Review: Sanshiro Sugata (1943)

I’ve been a huge fan of Akira Kurosawa’s work for a while now, since devouring his samurai films (The Seven Samurai, Yojimbo, Sanjuro and others), then moving on to his later work — in particular, the stunning Ran and Kagemusha. Every one has been an excellent film, on all counts: cinematography, writing, acting and direction. Throne of Blood, as well, has some of the most wonderful black and white cinematography I’ve ever seen. So, I like the man. This film, Sanshiro Sugata (sometimes called Judo Saga in the West), is the first film where he’s credited as director, and you can clearly see the beginnings of the precision, style and eye for composition that made him so celebrated a director later on.

The story’s a very simple, almost minimalist one. It’s 1882, in Japan. Sanshiro Sugata (Susumu Fujita) is a young man seeking training in the martial arts — he’s big, but wide-eyed and untrained. He seeks out some jujitsu masters, only to be swept along as they go to challenge an upstart who’s threatening their appointment as police trainers.
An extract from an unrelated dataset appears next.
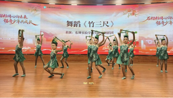 活动伊始,现场播放了东鿍实验学校百廿年宣传视频,悠扬的画面与旋律迅速拉近了彼此的距离。随后,研学回顾视频将一幕幕两地少年同窗学习、并肩游玩的温馨画面呈现在大家眼前——那些一起上课、一起欢笑的瞬间,勾起了全场最美好的回忆。无锡市东鿍实验学校校长登台致辞,热情欢迎远道而来的阿合奇研学团师生,为两地青少年结下的深厚情谊感到由衷欣慰,并寄语孩子们以此次研学为纽带,常来往、常交心,争做民族团结的践行者。紧接着,欢快的歌舞表演《螃蟹歌》登场,灵动的舞姿和熟悉的旋律瞬间点燃了现场氛围。

This upstart, Shogoro Yano (Denjiro Okochi), is a master of the new art of judo, which is looked upon with derision (and a touch of fear) by the established jujitsu schools. Sanshiro looks on in wonder as Yano rather effortlessly throws each of the jujitsu masters into a river, and at once decides to become Yano’s pupil and learn judo.

Sanshiro becomes very talented and strong, but he lacks discipline and restraint, getting into fights once he’s learnt some tricks and generally misbehaving. Schoolchildren make up songs about him ("Don’t touch Sanshiro!") Yano takes him to task, and Sanshiro, dismayed, jumps into a pond, where he stays for a day and a night until he’s attained some self-realisation.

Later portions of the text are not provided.